Print the line containing "Gold - 48x32" and each line after it through the end of the material below, exactly as it appears, but skip the pictures.

──────────────────────────────

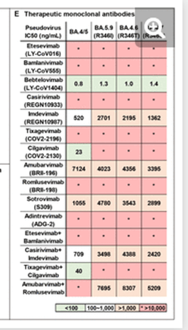 This chart from a preprint study indicates that Bebtelovimab is effective against BA.4.6:
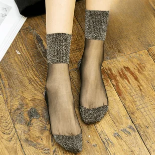 TEMU 2 pary eleganckich, przezroczystych skarpetek do połowy łydki dla kobiet - oddychające czarne pończochy z złotymi i srebrnymi paskami, 200g/㎡
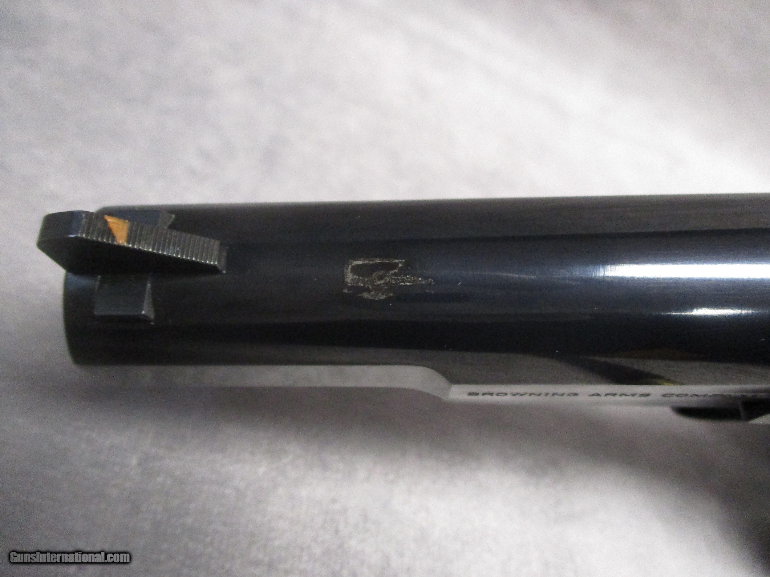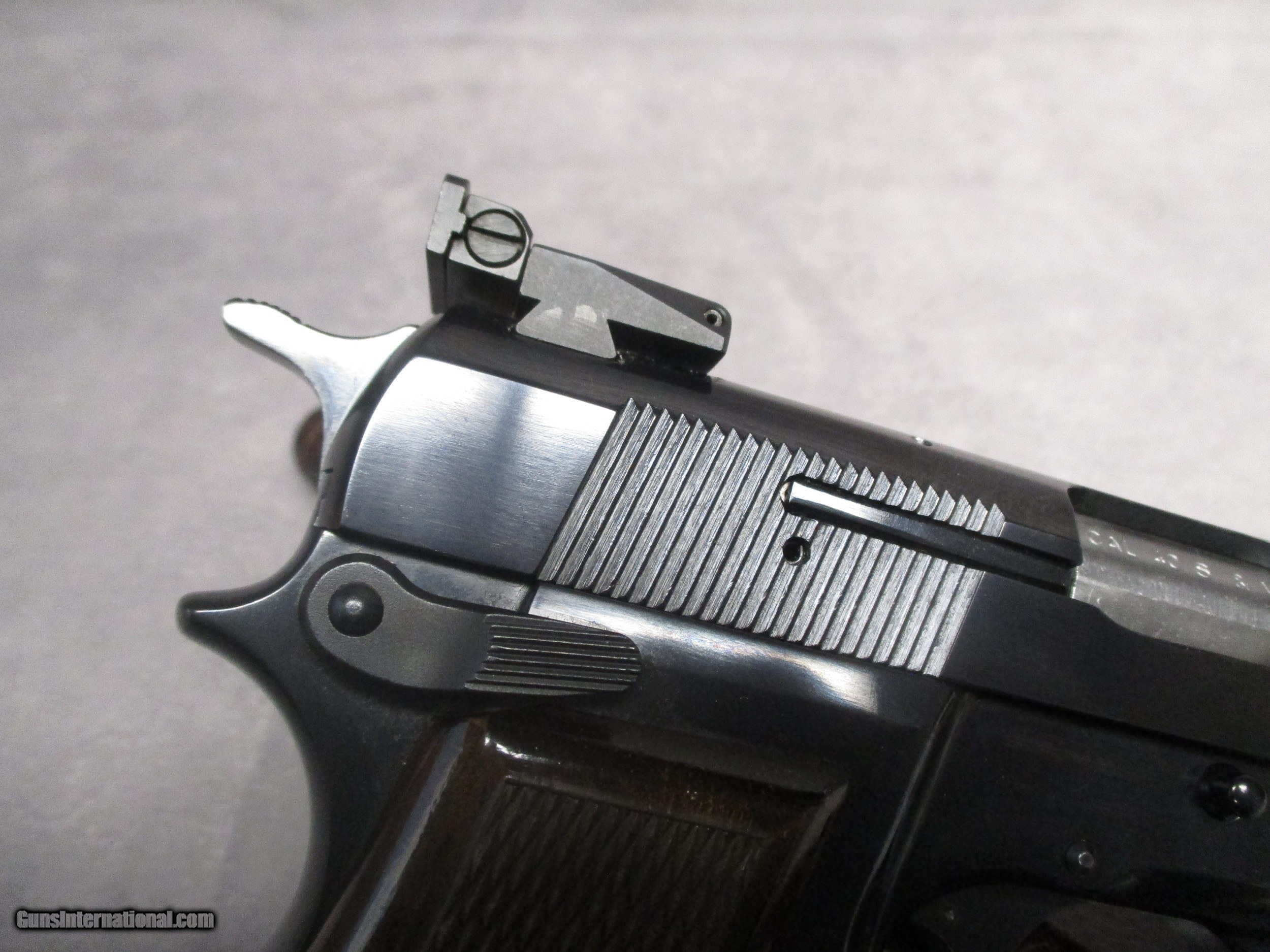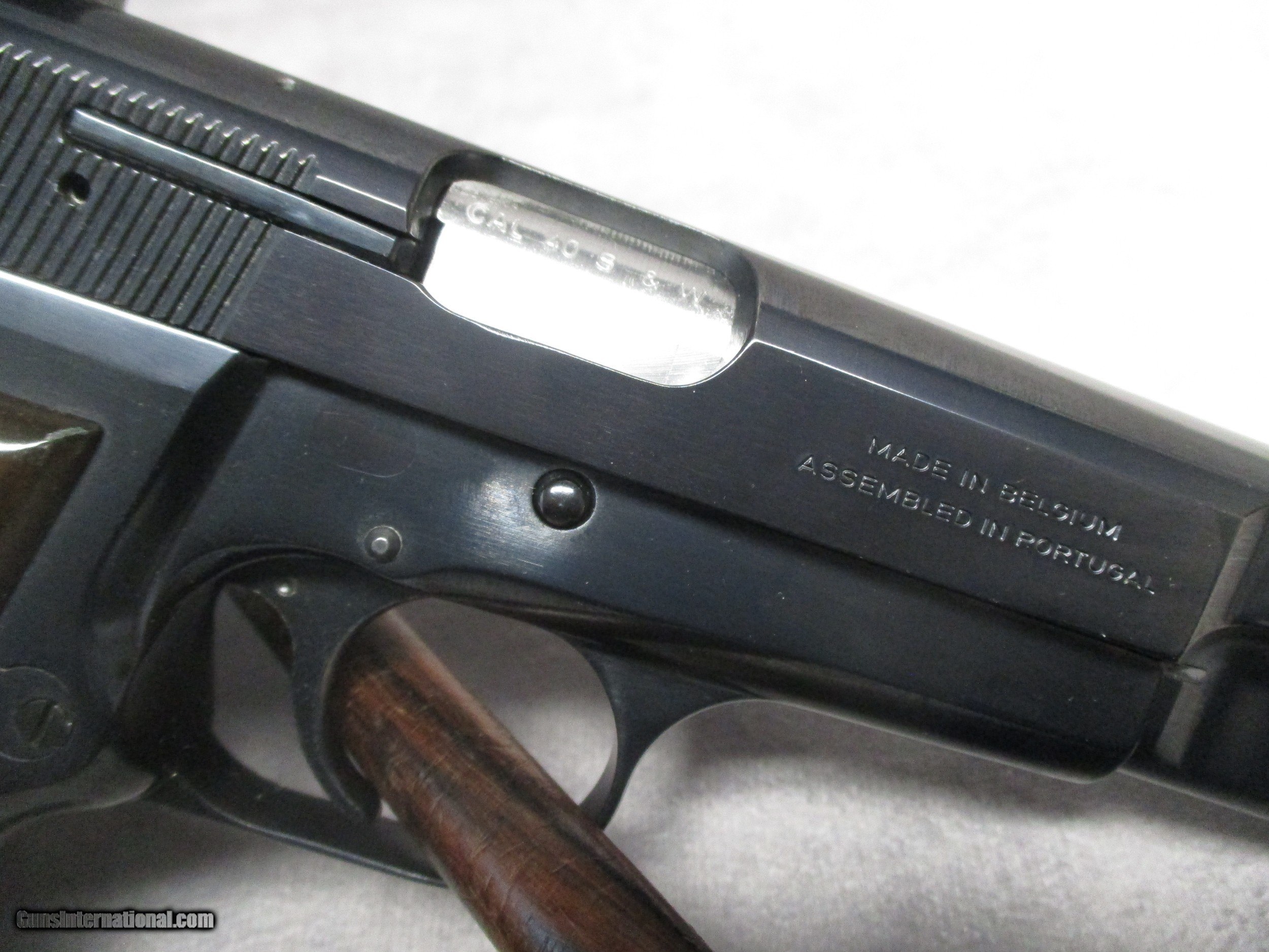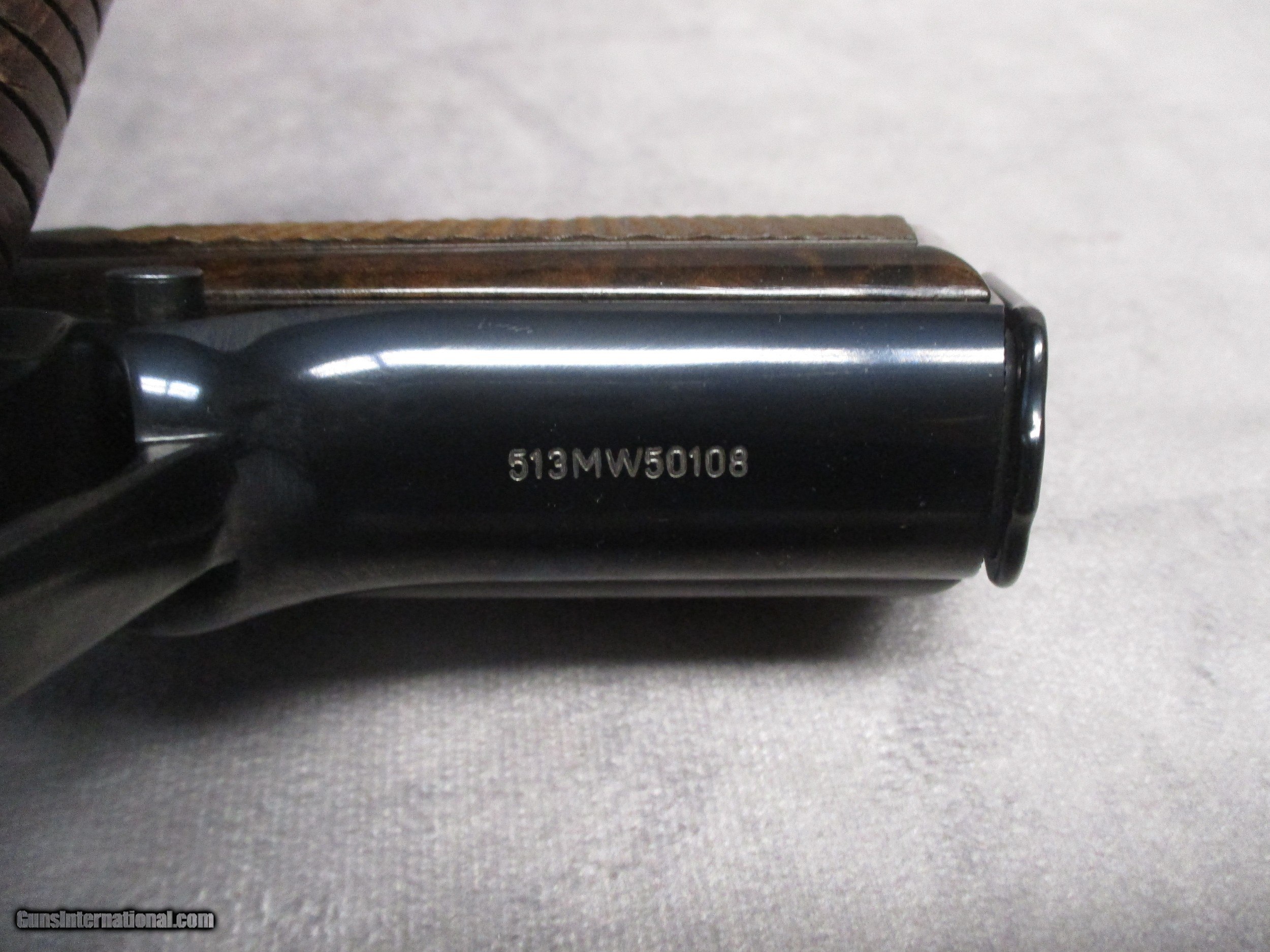 Description: This is the first successful double-stack pistol and has seen service all over the world since 1935. Originally designed by John Moses Browning in the early 1920’s, the prototype was refined over time into the early 1930’s. As Browning had passed away in 1926, the pistol continued to be refined by Dieudonne Saive and he modified the pistol with a staggered column magazine of his design. This gave the pistol an unusually high capacity for the time. The pistol was finally put into production in 1935 as the Grande Puissance Model of 1935. The term Grande Puissance literally means “High Power”. Although rejected by the French military in favor of an inferior design, dozens of other countries adopted the High power. It was used by both Allied and Axis powers during World War Two. It was thought of highly enough by the Germans that they forced the FN factory to continue production of the pistol under the designation of Pistole 640(b) (where “b” stands for “belgisch” or “Belgian”). It was frequently seen in the hands of the Waffen-SS and the Fallschirmja?ger (paratroopers). On the Allied side, it was used by the Special Operations Executive (SOE), the Office of Strategic Services (OSS) and the Special Air Service (SAS). The primary reason for this of course was the pistol’s high capacity and reliability in extreme conditions. The pistol is still in use in many places around the world. The Hi Power chambered for the .40 S&W was announced at the 1993 Shot Show. Compared to the 9mm version, the .40 cal. version has an extra recoil lug on its barrel and a matching recess inside the slide that is ¼” longer than the original. The High Power here is in great condition. There is one noticeable spot of finish loss due to pitting on top of the slide. Otherwise the finish is excellent. The bore is very bright with no pitting. The grips barely have a mark on them and the screws are not buggered. The recoil spring is very strong and can be a little difficult to rack sometimes. This is standard for the Hi Power when chambered for the .40 S&W. The pistol comes with its original box, paperwork, and two magazines. SOLD Handgun Caliber: .40 Smith & Wesson (.40 Auto, 10 x 21 mm) Manufacturer: Browning Arms Co. Model: Hi Power Serial Number: 513MW50108 Bore: Rifled, Right Hand twist Condition: Good to Excellent Barrel Type: Round Action: Semi-Auto, Short recoil, Locked Breech Triggers: Single action, single stage Stock: Checkered wood Finish: Blued, high gloss Sights: Fully-adjustable rear, ramp front sight, sight radius 6.875 inches (174.625 mm) Manufacture Date: 2004 Extras: Spare magazine Case: Browning factory box |
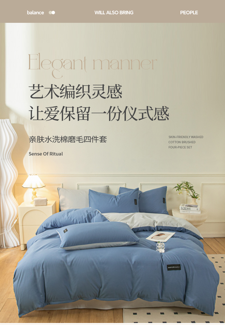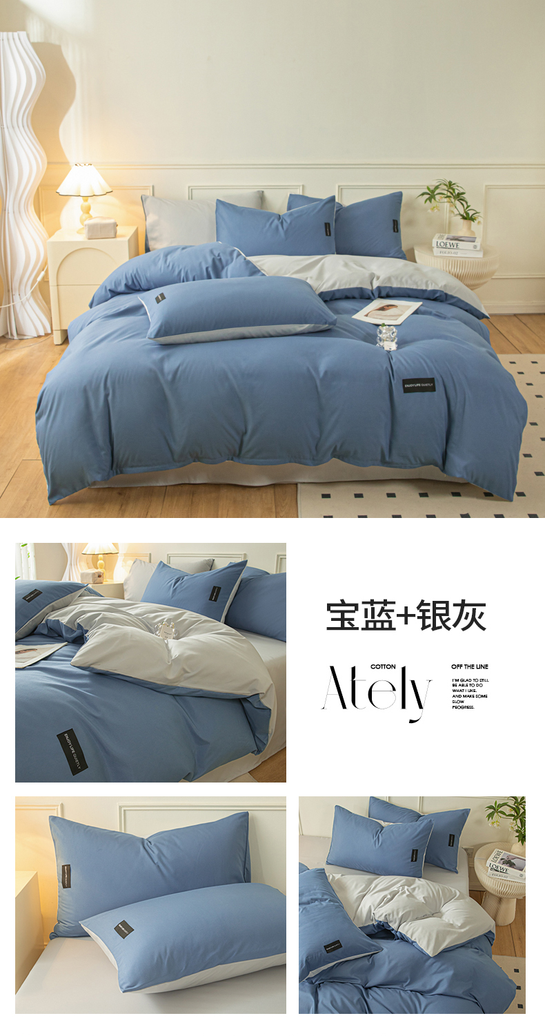 当前位置: 91家纺网 > 商品网购 > 床品套件 > 四件套 > 水洗棉四件套 > 欣晴家纺 2023新品亲肤水洗棉磨毛织标系列三件套四件套 宝蓝+银灰
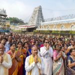 The Swarnaratham Seva of Śrī Bhū‑Sameta Śrī Malayappa Swamy was captured in a series of striking images that highlight the grandeur of the golden chariot procession, the ornate decorations, and the devotional fervour of thousands of devotees gathered along the route. These published photos showcase the deity’s serene presence on the ratha, the consorts Sridevi and Bhudevi, and the moment devotees offer camphor harati, creating a vivid visual record of this auspicious temple event.
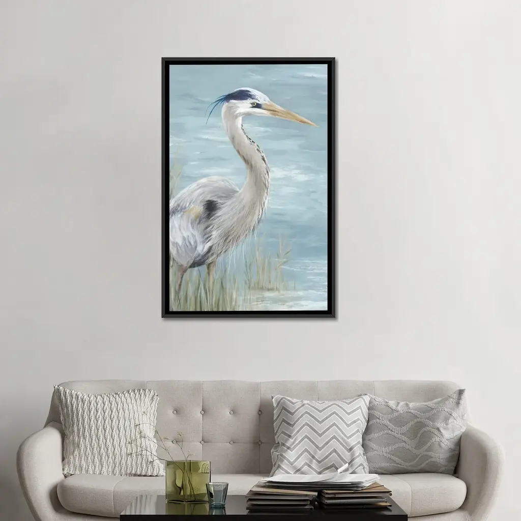 Icanvas "Great Blue Heron Gaze" By Eva Watts Framed Canvas Print - Gold - 48x32
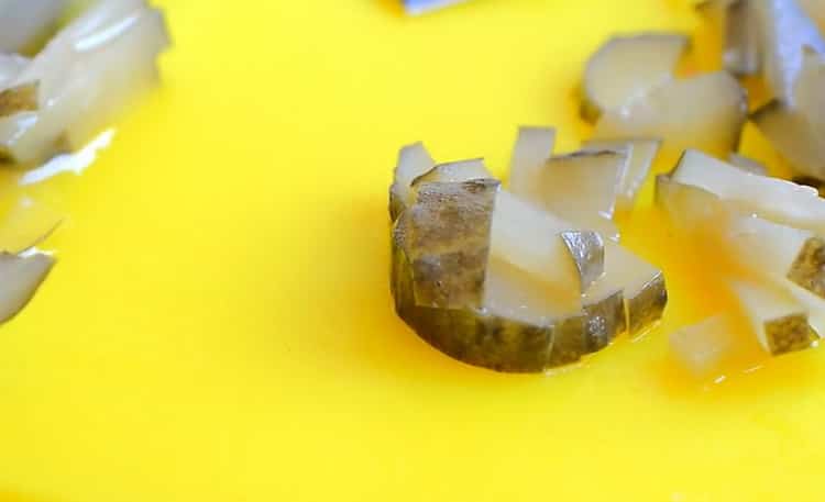 - Pjaustykite pusę svogūno mažais kubeliais.

──────────────────────────────

- **SOLUTION**
 Icanvas "Great Blue Heron Gaze" By Eva Watts Framed Canvas Print - Gold - 48x32
 - Pjaustykite pusę svogūno mažais kubeliais.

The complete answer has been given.